I sprayed for tem on the 13th of August. I saw the moths flying today and could see the eggs on the Bermuda. I started cutting some today even though it is not quite as tall as I would like. I am going to spray again whatever I do not cut as soon as the worms get plentiful enough .


----------



## Hugh

I use this Sevin generic: http://www.drexchem.com/Products/Labels/Drexel_Carbaryl-4L_10028_LABEL.pdf


----------



## Colby

http://foragefax.tamu.edu/files/2015/08/Armyworm-Fact-Sheet-2015.pdf


----------



## hcriddle

Hey guys,

I was looking at my field and found some army worms in a few spotty places. I was cutting this grass for the last time because it is starting to get cooler I hope and i want to go into the winter with a pretty good cover on this new grass, Should I spray when I get through shredding this pasture or just cut it and be done? I searched but couldn't find anything that said when army worm season is over. Will they keep feeding till the first freeze?


----------



## somedevildawg

hcriddle said:


> Hey guys,
> 
> I was looking at my field and found some army worms in a few spotty places. I was cutting this grass for the last time because it is starting to get cooler I hope and i want to go into the winter with a pretty good cover on this new grass, Should I spray when I get through shredding this pasture or just cut it and be done? I searched but couldn't find anything that said when army worm season is over. Will they keep feeding till the first freeze?

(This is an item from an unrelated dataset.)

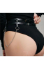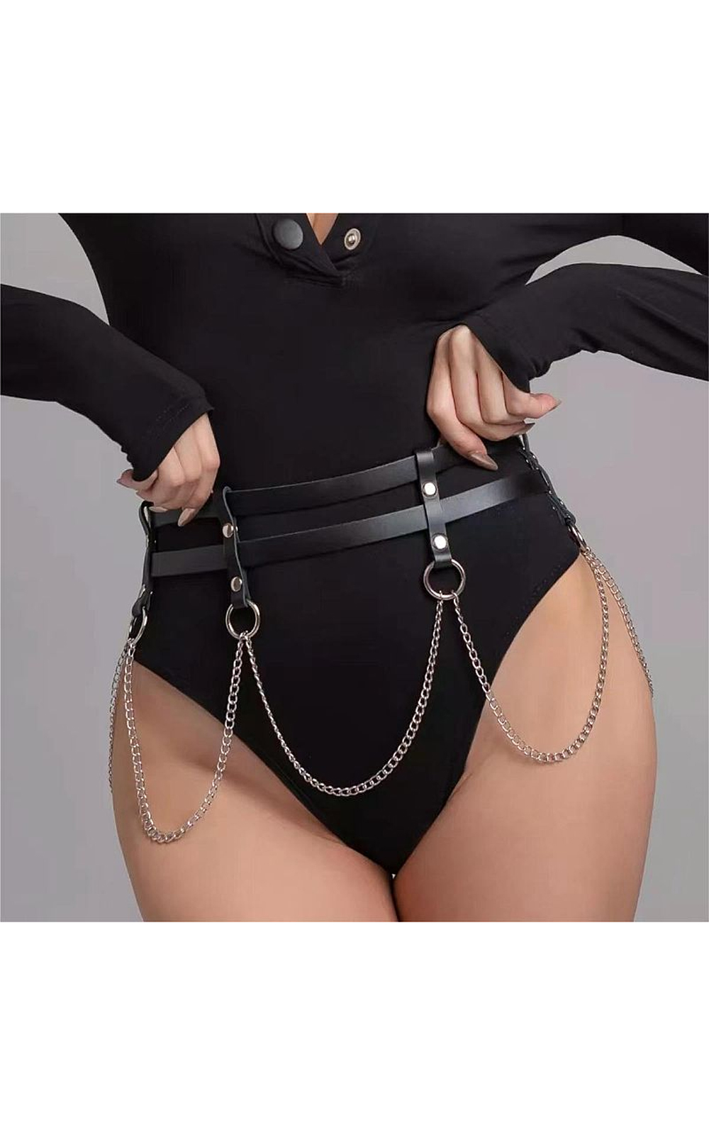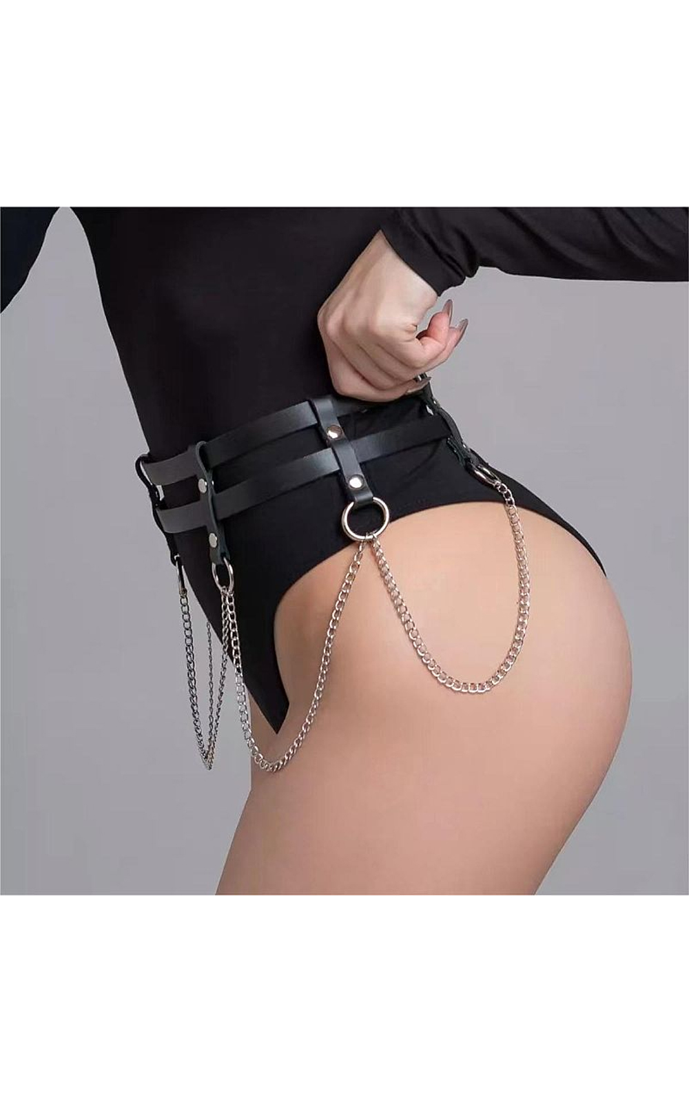 Confeccionado em couro sintético com detalhes em rebite, correntes e fivelas para ajuste que prendem a peça.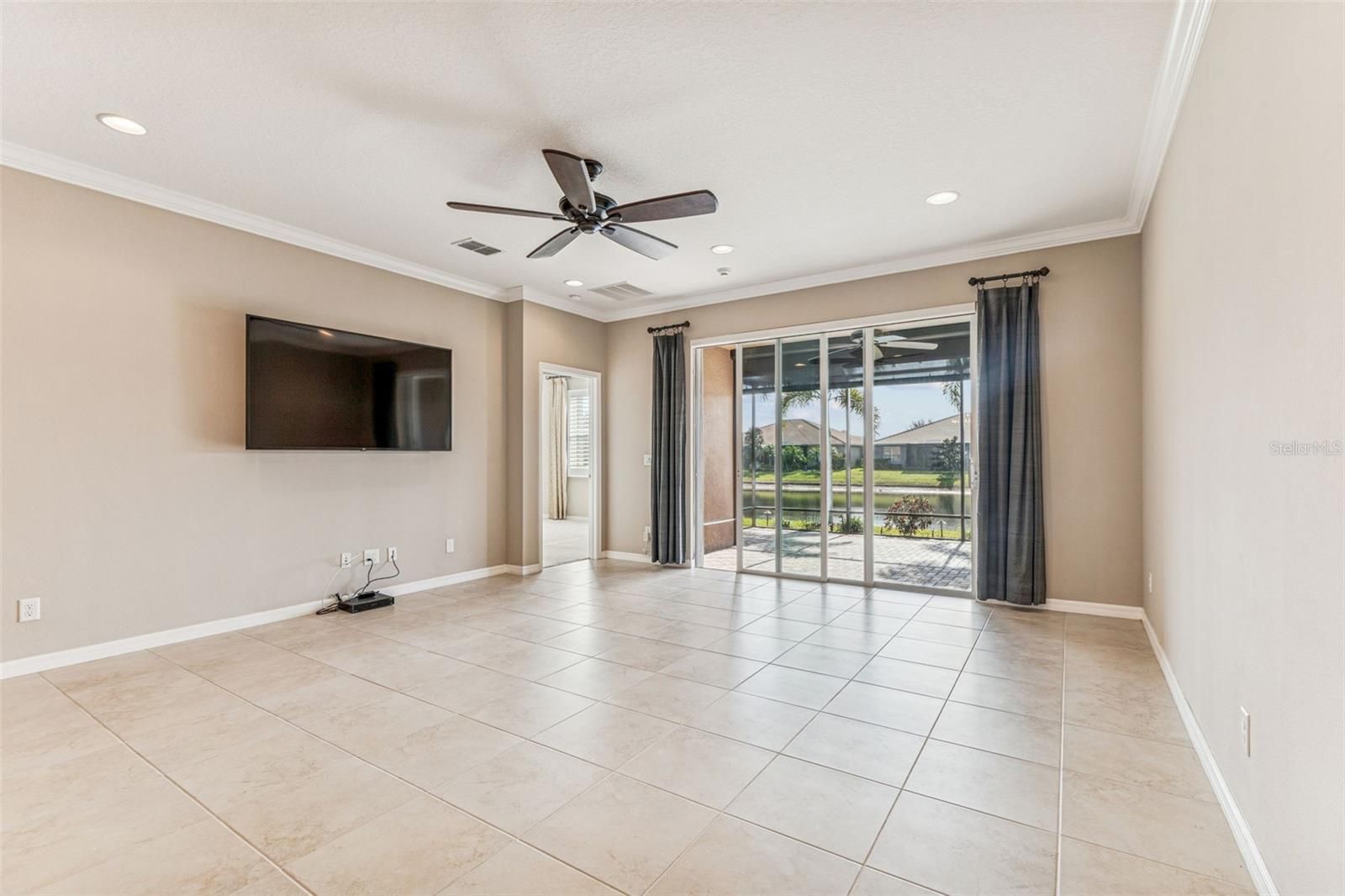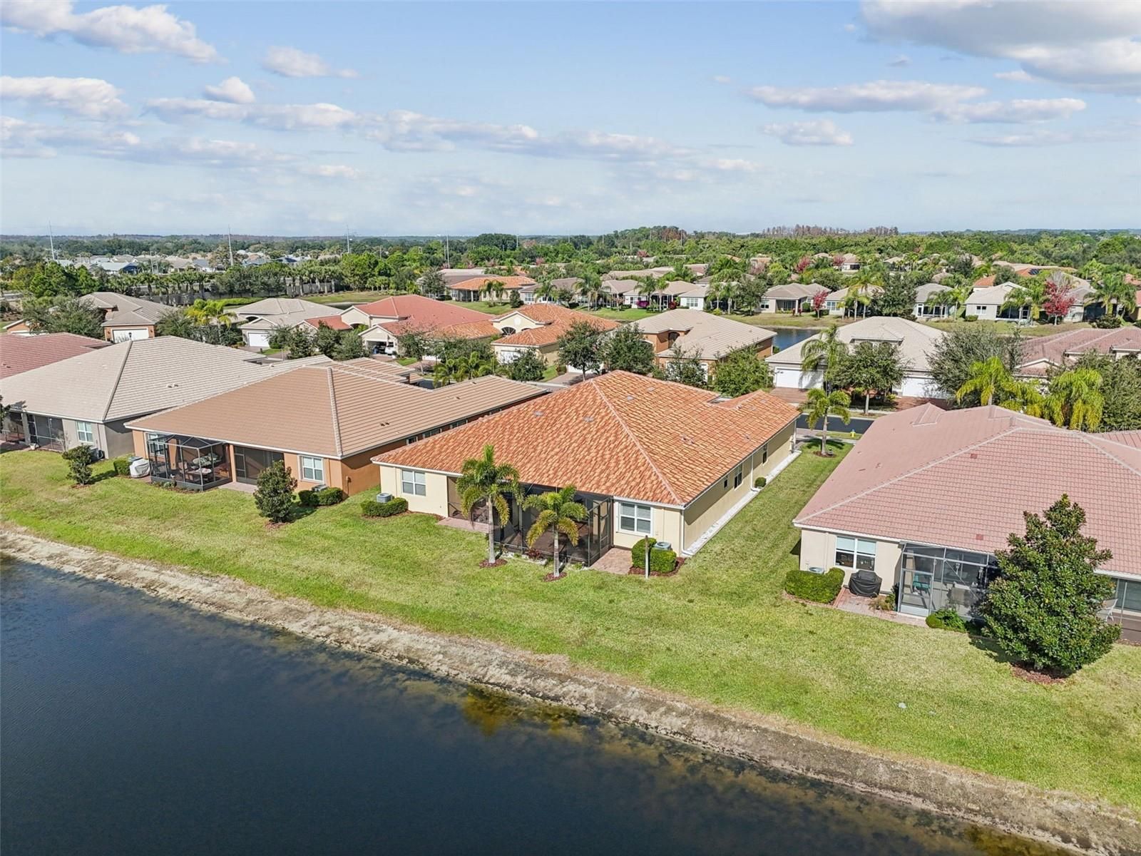 Spectacular views are yours from this 2 bdrm and den/3rd bdrm, 2 bath exemplary Julia model from the renowned GL Homes Regal Twin Villas Collection located in the newest section of Valencia Lakes. The back of the house provides a serene water view, and the front offers lush curb appeal with a widened driveway and paved landscaping borders. Hardwired lights illuminate the yard at night. A large screened front patio creates an additional private outdoor space to relax/entertain on lovely Florida days. A 12’ high ceiling in the elegant foyer leads to the heart of the home with an open floor concept that is ideal for both daily living and entertainment. High-end ceramic tiles are installed in all main areas. Engineered hardwood floors are in the den/3rd bdrm and upgraded carpeting in pristine condition is in 2 brms. Crown molding, enhancing the main areas, and plantation shutters plus electric blinds over the sliding door leading to the lanai, add even more charm and quality to this home. Large gourmet kitchen has granite countertops offering an 18” extended serving bar with high quality natural glass/stone linear backsplash and upgraded stainless style appliances including a stove, microwave, dishwasher and double door refrigerator. The 42" wood cabinets with crown molding feature over/under lighting, sliding drawers, a custom-made cabinet pantry and large pots and pans drawers. The kitchen offers a sizable breakfast area with space for informal dining. There is a dedicated space for a formal dining room that could sit at least 8-10 persons. The large primary bedroom in the back of the house, designed as a private en-suite, offers 2 walk-in closets with tastefully designed built-in cabinetry. The luxurious bath has two separate vanities with lots of cabinet space and drawers. The glass door shower features floor-to-ceiling tiles installed with a decorative listello and a corner built-in bench for both comfort and mobility. 2nd bdrm and the guest bath are located in the front section of the house, away from the main areas, providing additional comfort and privacy for you and your guests. An 8’ tall sliding door leads to a large extended screened lanai (10x20 ft) where you can enjoy lovely and breezy days with beautiful water and nature views capturing the essence of Florida living. The lanai is equipped with an additional electric sun/rain screen and lights that add a festive atmosphere at night! Interior/exterior have been recently painted. Additional features include hurricane shutters with an addition of accordion shutters added to the back of the house, water softener system, epoxy floor in the garage and plenty of storage and a 5 YR HOME WARRANTY ON ALL APPLIANCES, ELECTRICAL AND PLUMBING GOOD THROUGH 2/9/2029 transferable to new owners! Valencia Lakes is a 55 and better active adult golf cart community, 40-acre waterfront outdoor recreation area with resort-style heated pool, lap and resistance pool, 40,000 sq. ft. clubhouse, deluxe Bistro coming soon, arts and crafts studio, har-tru tennis courts, gym, half-court basketball, pickleball, bocce courts, dog park, baseball park, community garden, hundreds of clubs and activities, RV/boat parking. Over 100 acres set aside as nature preserves; enjoy the quiet and solitude of peaceful views, birds & wildlife by the water. Great sense of community with great friendly neighbors. Tampa, St. Pete and Sarasota 30-45 minutes away. Close to the airport, medical facilities, shopping and golf.

No, the life span of the worm will soon be gone to greener pastures . I wouldn't waste my time spraying.....unless you like to kill them, then spray and watch em wriggle.....I get some satisfaction out of that


----------



## hcriddle

somedevildawg said:


> No, the life span of the worm will soon be gone to greener pastures . I wouldn't waste my time spraying.....unless you like to kill them, then spray and watch em wriggle.....I get some satisfaction out of that


Thanks Dawg. I agree that I would like to kill as many as possible but this has been an expensive year getting this T85 sprigged and growing. I didn't want to have to spend money needlessly.

Buddy


----------



## somedevildawg

hcriddle said:


> Thanks Dawg. I agree that I would like to kill as many as possible but this has been an expensive year getting this T85 sprigged and growing. I didn't want to have to spend money needlessly.
> 
> Buddy


In the future, use this tank mix....bifuron (that may not be spelled exactly correct) and dimillin, the bifuron is a generic pyrethroid and it costs me .75 an acre
Dimillin offers some residual (2-3 weeks) and is a growth inhibitor, costs me $3 an acre
3oz to acre is what I use for the pyrethroid and 2 oz to acre for dimillin......hth


----------



## broadriverhay

I sprayed Intrepid worked great but very expensive. Where did you buy these chemicals?


----------



## somedevildawg

Local co-op....


----------



## broadriverhay

Ok Thanks.


----------